#### About this task:
With the pictures left out, restate exactly the part below that opens with the line containing "- 2隻蛋拌勻,加入鹽和胡椒" and closes with the line containing "Elevate your ethnic".

#### Material provided:

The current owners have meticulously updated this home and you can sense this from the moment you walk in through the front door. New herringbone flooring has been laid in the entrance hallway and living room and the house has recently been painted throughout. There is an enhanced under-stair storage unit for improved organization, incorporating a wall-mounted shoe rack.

...

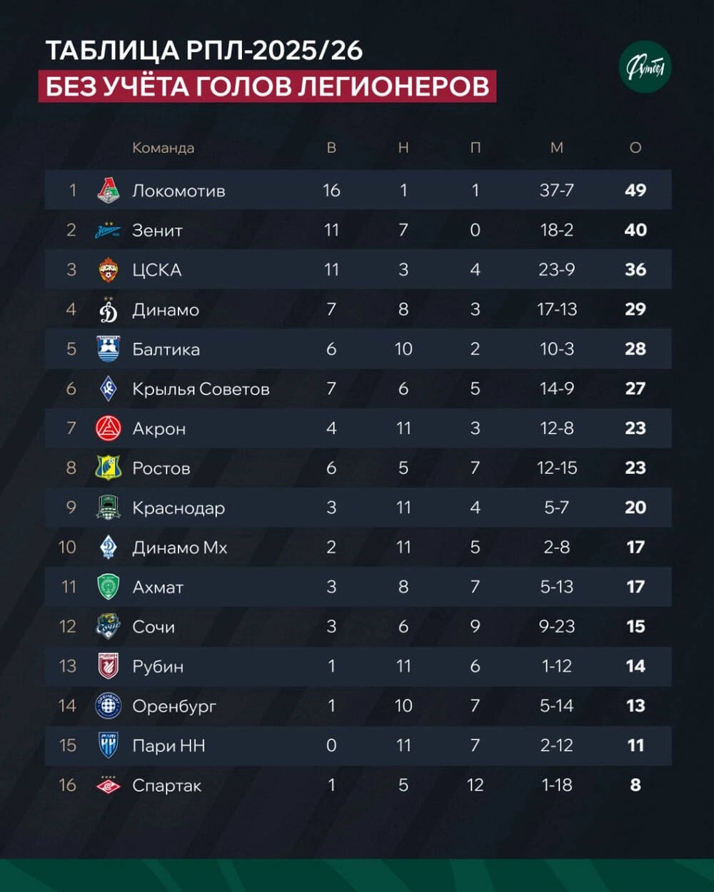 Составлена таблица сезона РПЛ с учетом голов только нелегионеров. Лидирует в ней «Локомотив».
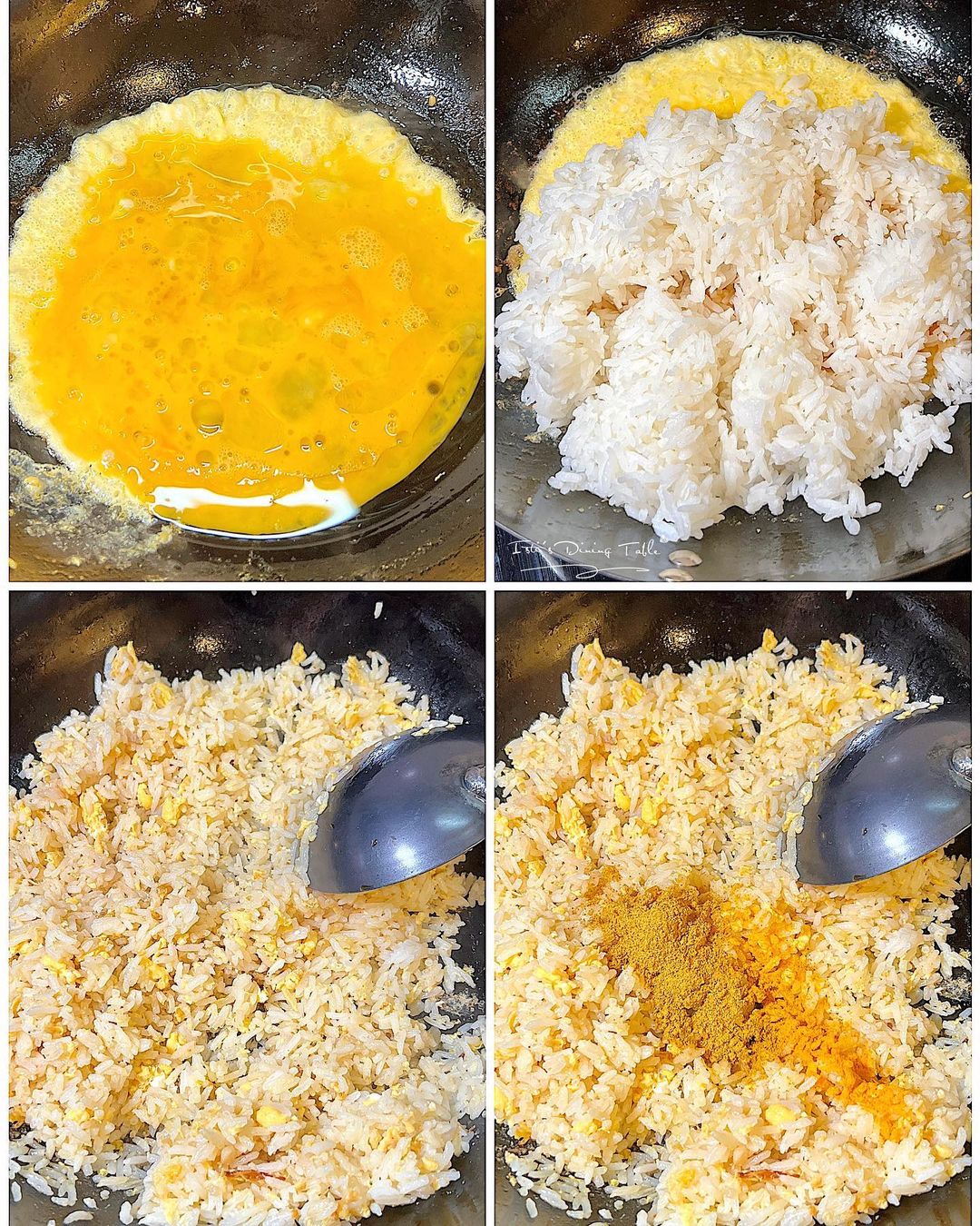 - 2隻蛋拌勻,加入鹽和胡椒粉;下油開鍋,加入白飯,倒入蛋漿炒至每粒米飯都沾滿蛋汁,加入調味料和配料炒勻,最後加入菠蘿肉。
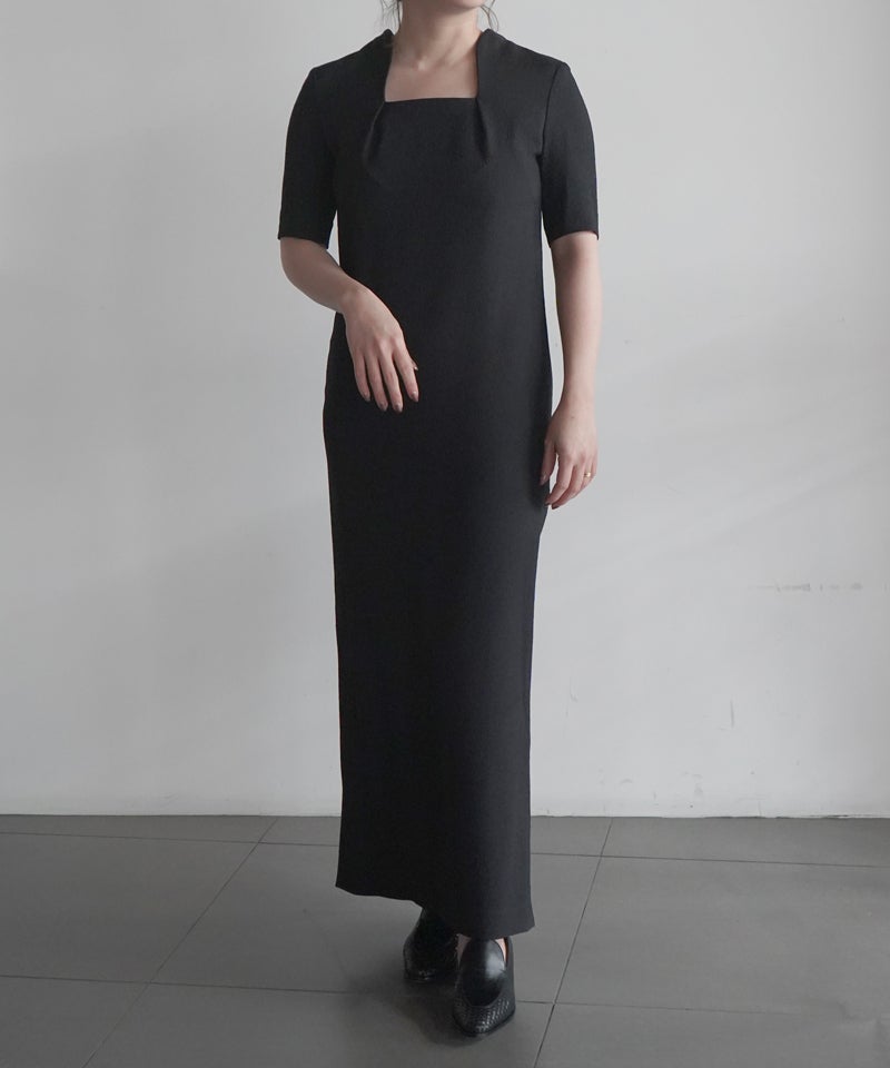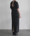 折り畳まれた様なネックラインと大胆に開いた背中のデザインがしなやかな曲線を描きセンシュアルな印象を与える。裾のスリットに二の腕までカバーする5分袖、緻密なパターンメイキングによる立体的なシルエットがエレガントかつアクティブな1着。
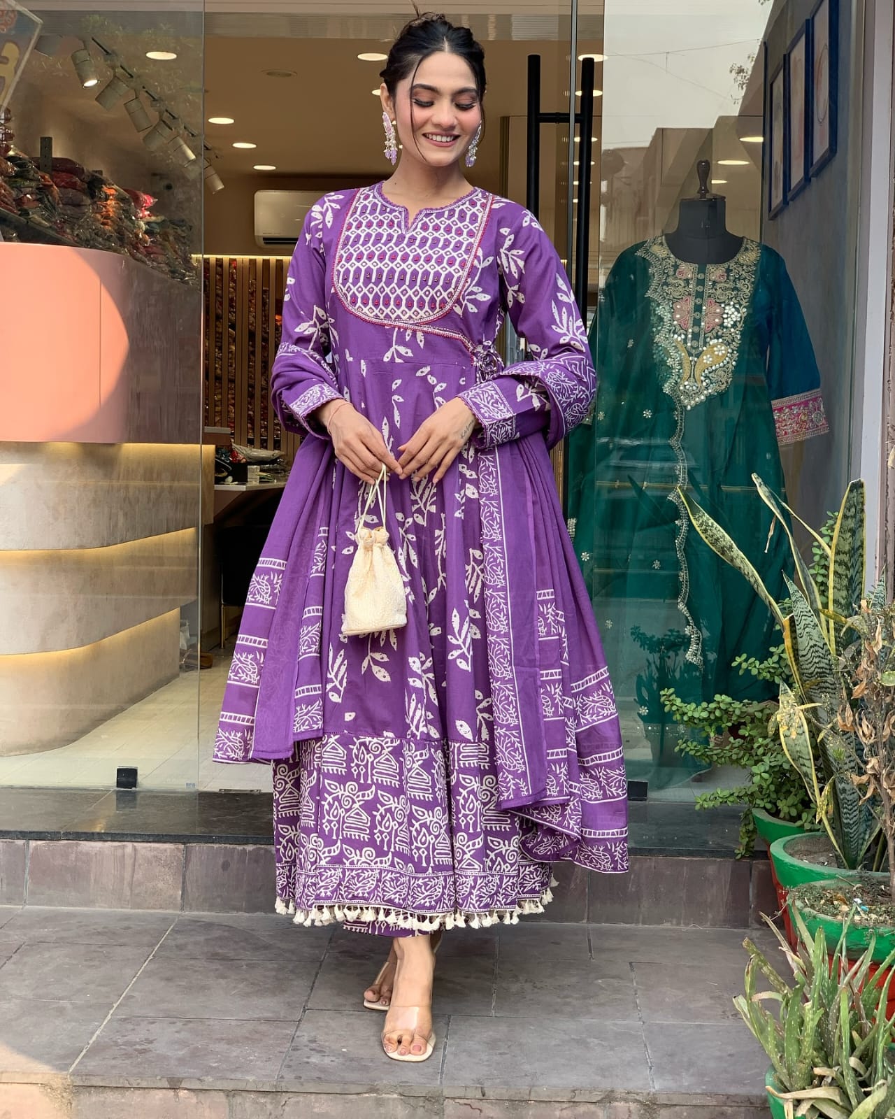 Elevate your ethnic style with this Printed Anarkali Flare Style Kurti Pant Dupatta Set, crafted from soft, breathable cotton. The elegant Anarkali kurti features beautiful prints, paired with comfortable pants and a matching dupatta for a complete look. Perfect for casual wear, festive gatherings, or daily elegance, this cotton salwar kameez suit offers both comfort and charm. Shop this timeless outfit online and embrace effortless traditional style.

#### Answer section:
 - 2隻蛋拌勻,加入鹽和胡椒粉;下油開鍋,加入白飯,倒入蛋漿炒至每粒米飯都沾滿蛋汁,加入調味料和配料炒勻,最後加入菠蘿肉。
 折り畳まれた様なネックラインと大胆に開いた背中のデザインがしなやかな曲線を描きセンシュアルな印象を与える。裾のスリットに二の腕までカバーする5分袖、緻密なパターンメイキングによる立体的なシルエットがエレガントかつアクティブな1着。
 Elevate your ethnic style with this Printed Anarkali Flare Style Kurti Pant Dupatta Set, crafted from soft, breathable cotton. The elegant Anarkali kurti features beautiful prints, paired with comfortable pants and a matching dupatta for a complete look. Perfect for casual wear, festive gatherings, or daily elegance, this cotton salwar kameez suit offers both comfort and charm. Shop this timeless outfit online and embrace effortless traditional style.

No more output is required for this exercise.